The Irreplaceable Joy of Waiting for Results

When you press the shutter button on a roll of film and know that you are done with it, you enter one of the unique joys of shooting film: the anticipation and the waiting time. There is no histogram, no chimping on the back screen, no culling out the bad photos from the good. You walk away with a metal or plastic cassette and inside are all your photos, sequestered away in the darkness, suspended in chemicals, waiting to be processed. You don’t know what you have until you see the photos developed. The distance from the photos that you have taken allows you to be excited and then remember more of what you did when you were shooting.

It may be days or weeks before the negatives come out of the fixer, soggy, shiny in the light of the darkroom. There’s a certain ritual to the first inspection of the contact sheet – poring over the little inverted images on the paper, looking for the keepers that somehow worked on the long journey from brain to film. Even with the best photographers there are usually a few surprises. Often something done on a lark, something half-assed, will shine with an unexpected beauty, while an image I knew I’d nailed may turn out to be a dud. That’s not a bad thing, just the way it is – a reminder that photography, even now, remains an act of faith.

And when you print, the lag becomes even more pronounced. You must examine each test strip and each sheet that comes off the enlarger under a safelight before you can expose another piece of expensive paper. You watch as the print develops in the tray, the shadows coming up first, the highlights taking a bit longer, and the entire photograph eventually filling in like a dream unfolding. Every change, whether it be more time in the developer, some dodging, or a carefully targeted burn, takes time and several tries. There’s no going back from a misplaced thumb print or a slight overdevelopment, and the end result feels all the more rewarding because of it. You can feel the lag in every print.
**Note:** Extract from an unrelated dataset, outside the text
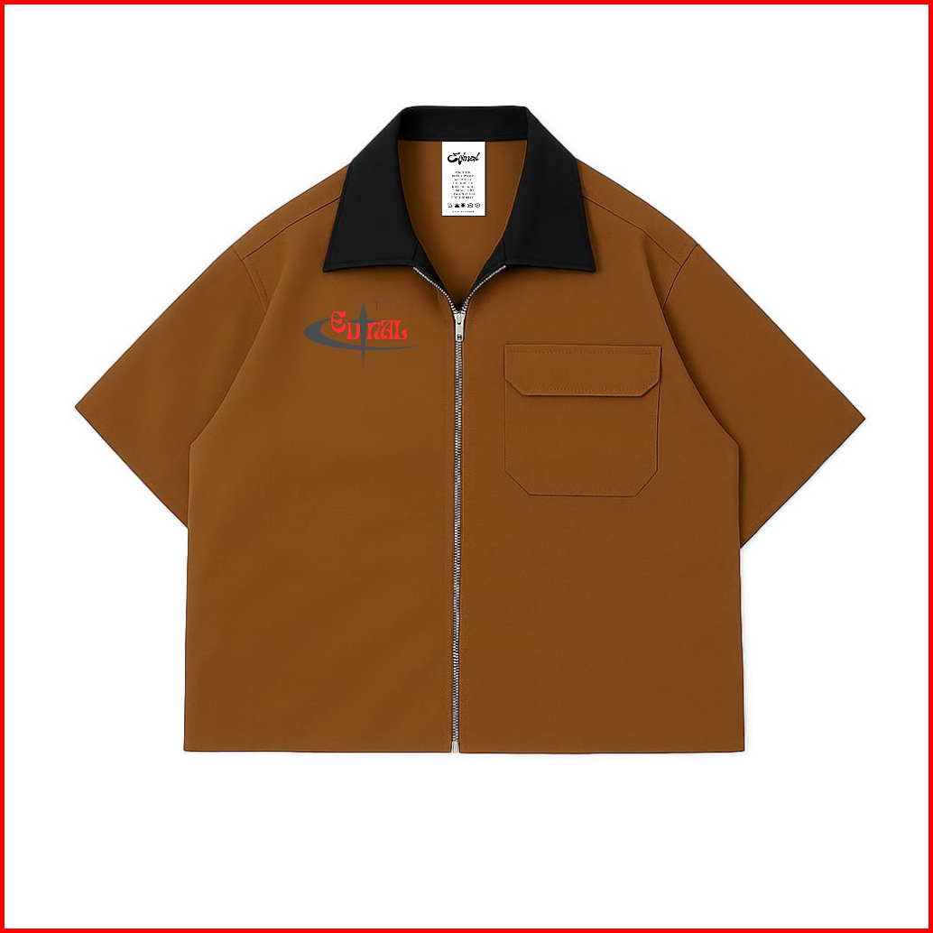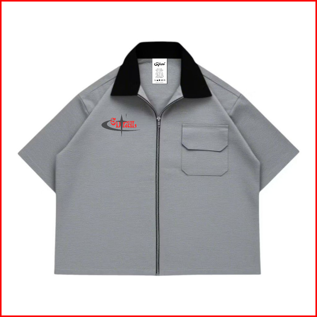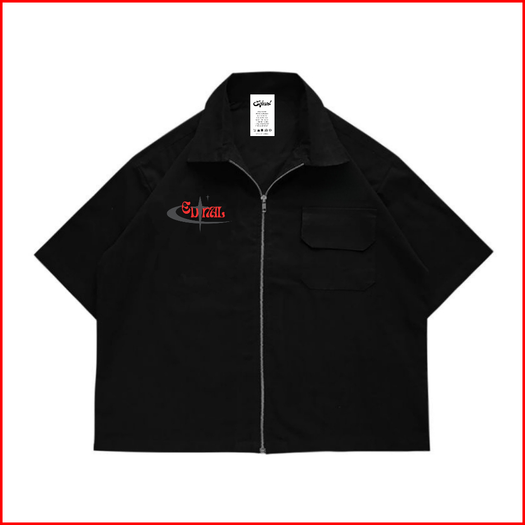 Edinal Workshirt Zipper Slb Kemeja Boxy Pria Wanita

Similarly, if you’re the type of film photographer who develops their photos at a lab, the act is different but the same level of excitement and ceremony applies: you get your photos in the post or the scans to your email address, and you still get that tingle, that moment of opening them and scrolling through. Similarly, I’m sure many photographers scan their own negatives and don’t necessarily rip through all the photos; we only have 12/24 photos to begin with, so they’re never going to appear as redundant as they might on a camera roll of 50 identical frames.

Lastly, waiting for film to be processed is not an interval but an act of creation itself. It allows for contemplation. For photographs to incubate in the mind before they’re viewed. It allows the photographer to remember why they took each photograph in the first place. It heightens the value of photographs that are successful. They are felt more deeply. More real. And in a world in which speed and efficiency are valued above nearly all other things, waiting for the results of film photography is one of the most subversive and gratifying things a photographer can do.